We urge the World Health Assembly, when it meets in May, to adopt the draft global recommendations on obesity and to request that WHO translates these into a global plan, as proposed by France at the recent meeting of the executive board. Such a plan will need to:
- be ambitious in order to accelerate action on the global targets that are faltering;
- be informed by people affected by obesity to ensure more integrated and holistic approaches;
- outline independent accountability mechanisms which include people who are affected by obesity.
Such a plan could also help increase co-ordination on obesity action, including at WHO itself where interest has been on the rise, but without a sufficiently integrated response to date. The World Obesity Federation, and its members across the globe, are ready to support the development of such an action plan.
Points for action
- Co-ordinated national action
It is governments that hold the key to whether the proposed plan will be implemented. Obesity’s complex nature requires co-ordination and commitment across ministries and agencies. Stigma and misunderstanding have side-lined obesity in health responses, and this must end.

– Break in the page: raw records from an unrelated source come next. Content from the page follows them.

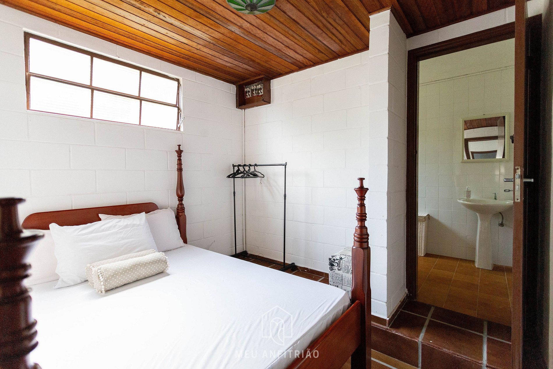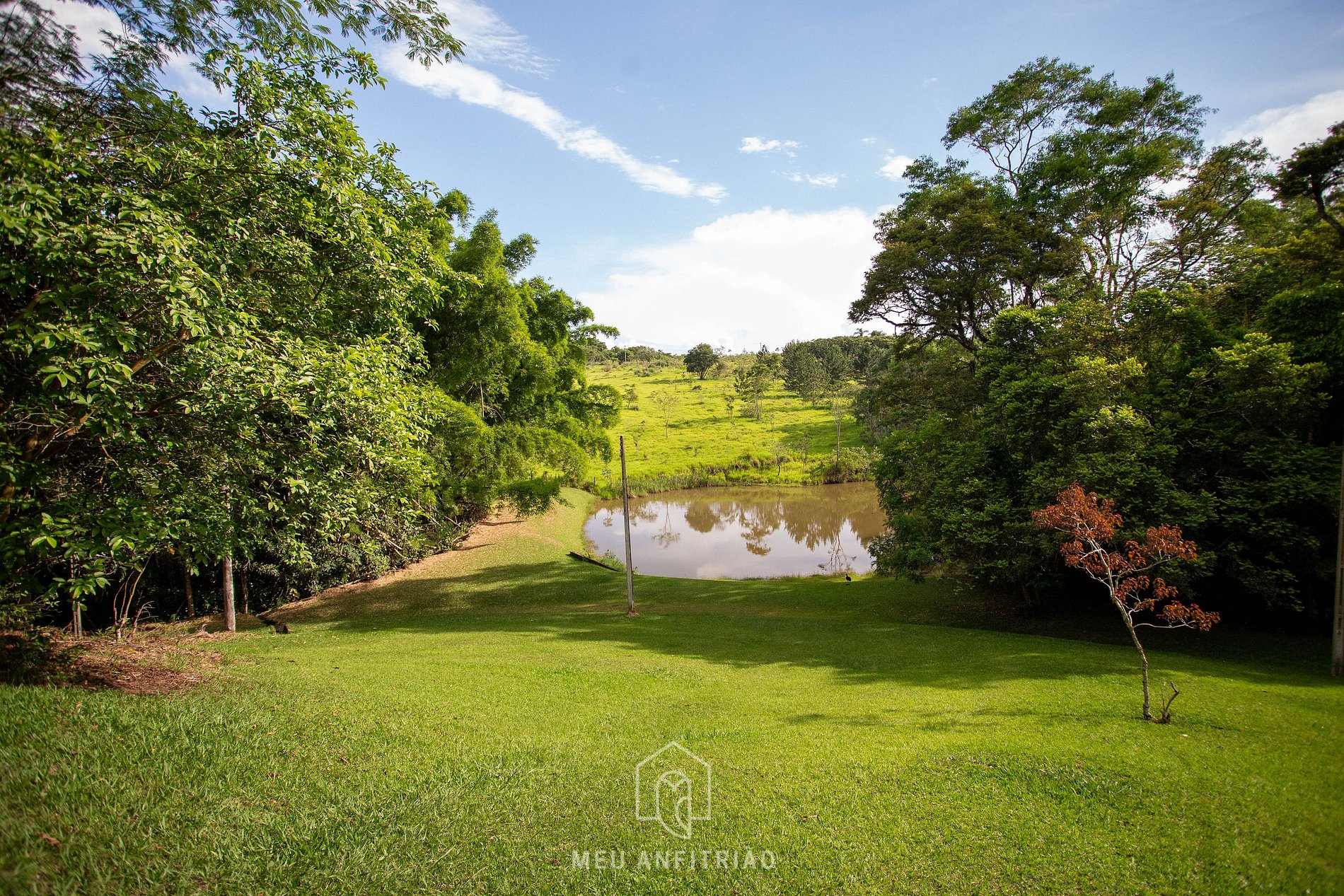 Acomoda até 20 pessoas pessoas confortavelmente em uma casa principal com 4 quartos e uma casa menor com 2 quartos. Conta com uma ampla área de lazer com churrasqueira, forno e fogão a lenha, piscina, dois lagos, sala de cinema, adega, lareira, horta, galinheiro, campo de futebol e muito espaço para caminhar em meio a natureza.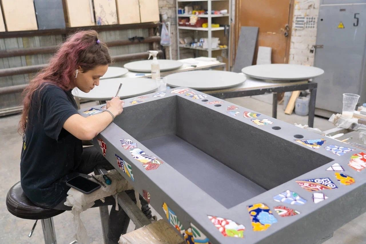 Есть на Урале такая компания - Петробетон. Ребята создают шедевры из архитектурного бетона - бетонные раковины, столешницы, предметы интерьера, мебель и многое другое. Получается очень круто! Но некоторые работы особенно восхищают, и сейчас мы покажем одну из них: На первых фотографиях – процесс работы нашей художницы над раковиной для частного интерьера. А вот, что из этого выйдет: Как вам такой интерьер ванной? А сама раковина? Напишите в комментариях, очень интересно!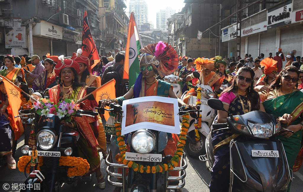 People in India celebrated the festival of Gudi Padwa on Saturday to mark the arrival of spring and the start of the New Year of Marathi and Konkani Hindus. /VCG Photo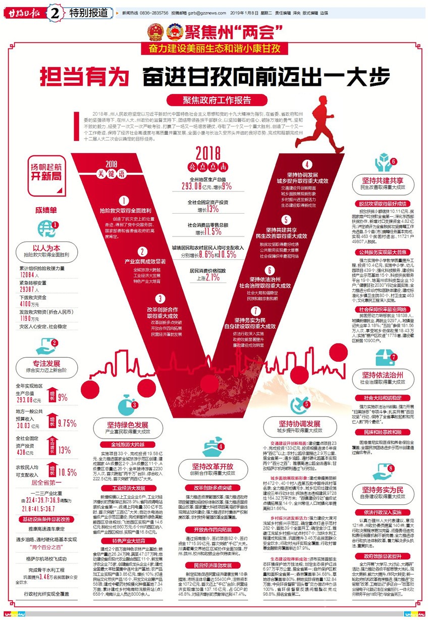 州人民政府州長肖友才代表州政府作工作報告?!墩ぷ鲌蟾妗酚扇糠纸M成:2018年工作回顧;2019年主要目標;2019年重點工作。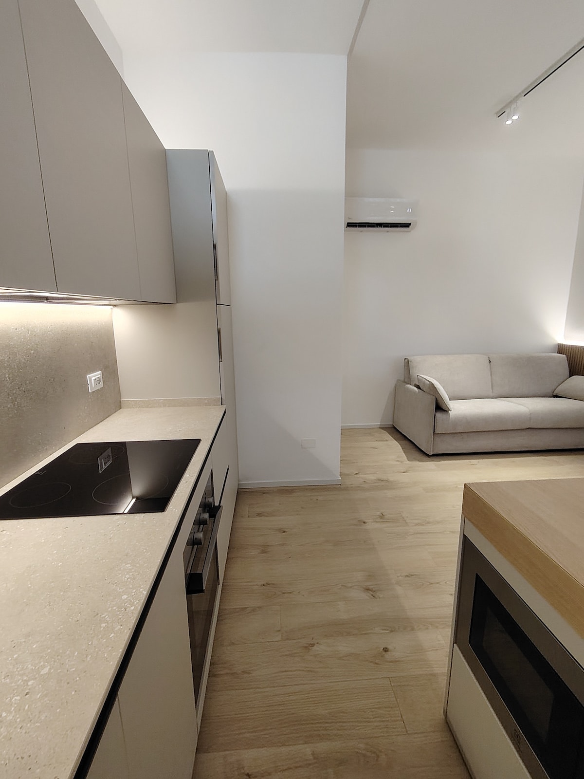 Studio na obali u samom centru, idealan za parove ili samce. Ima mjesto na plaži sa suncobranom i dvije ležaljke na odličnoj lokaciji i privatni parking ispred stana uključen bez dodatnih troškova (za turiste bi parking koštao 18 eura/dan, a suncobran sa ležaljkama ove godine bi koštao bogatstvo, ako ih možete pronaći). 2 sklopiva bicikla dostupna u stanu, indukcijska ploča za kuhanje, 55-inčni TV, Wi-Fi, američki frižider s filtriranom vodom i ledom
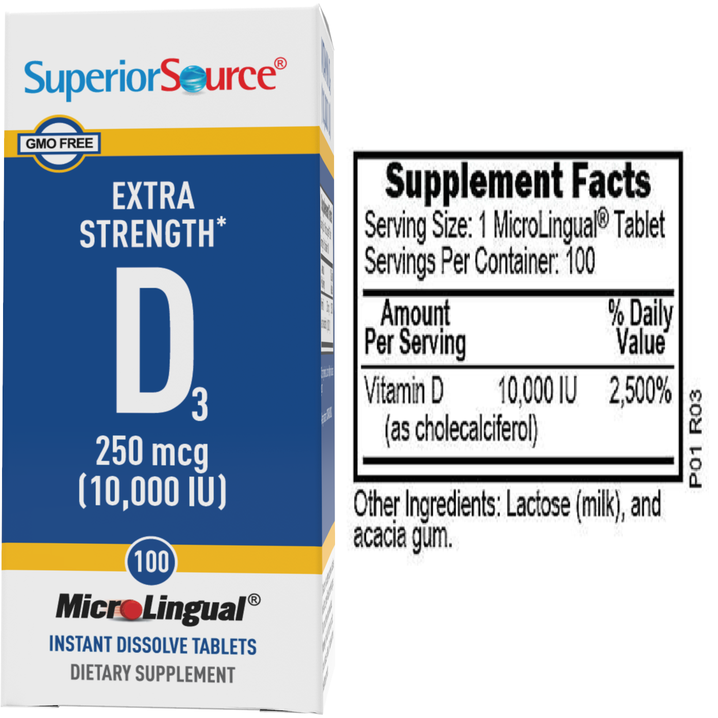 Vitamin D3 100 tabs, EXTRA STRENGTH 10,000 IU per tab

- Action on the commercial actors who shape obesogenic environments
A central job for governments is joined-up action on the commercial determinants of obesity. These include the practices and products of firms and industries, and also the systems which facilitate and promote health-harming environments. Failure to confront the social and commercial determinants will undermine meaningful change. Success will require a narrative shift away from individual responsibility to stronger state oversight of the environments which lead to obesity.
- Investment
The investor community, which has brought about long term impacts through environment, social and governance (ESG) investment approaches, could play an important role in incentivising corporations to use their leverage to shift corporate practices from those which drive or neglect obesity to those that lead to healthier environments; hence, we call for investment charter marks to include obesity-related considerations.
A global movement
These actions will be resisted by vested interests and mislabelled as impeding individual and trade freedoms. The disruption we are calling for requires a commitment to health, the sustainability of the planet, and a willingness to call out the institutions and individuals who will cut the lives (of others) short for profit. We must be crystal clear about who and what is cutting these lives short in order to find ways to channel our collective anger into current social movements that are making governments wake up to the need for a major post-COVID reset.
While the health movement has not yet mobilised for this kind of transformation, the climate movement is doing so. With shared interests in more sustainable approaches to healthcare, food, transport, decent work, participatory democracy and human rights, we must join forces. People with lived experience are key to this movement, as are youth.
Obesity policy has been under-prioritised and fragmented for far too long. We must seize the opportunity of the upcoming World Health Assembly to demand more action and more results. Our immediate priority must be for WHO member states to secure a comprehensive and integrated global action plan on obesity, covering prevention and treatment throughout the life cycle.
Together, we can break the cycle of fragmentation and failure and use this unique opportunity to demand more, commit to more, and take a new course of action to protect the health of our populations and planet, and give the people living with, or at risk of, obesity the support and respect they deserve.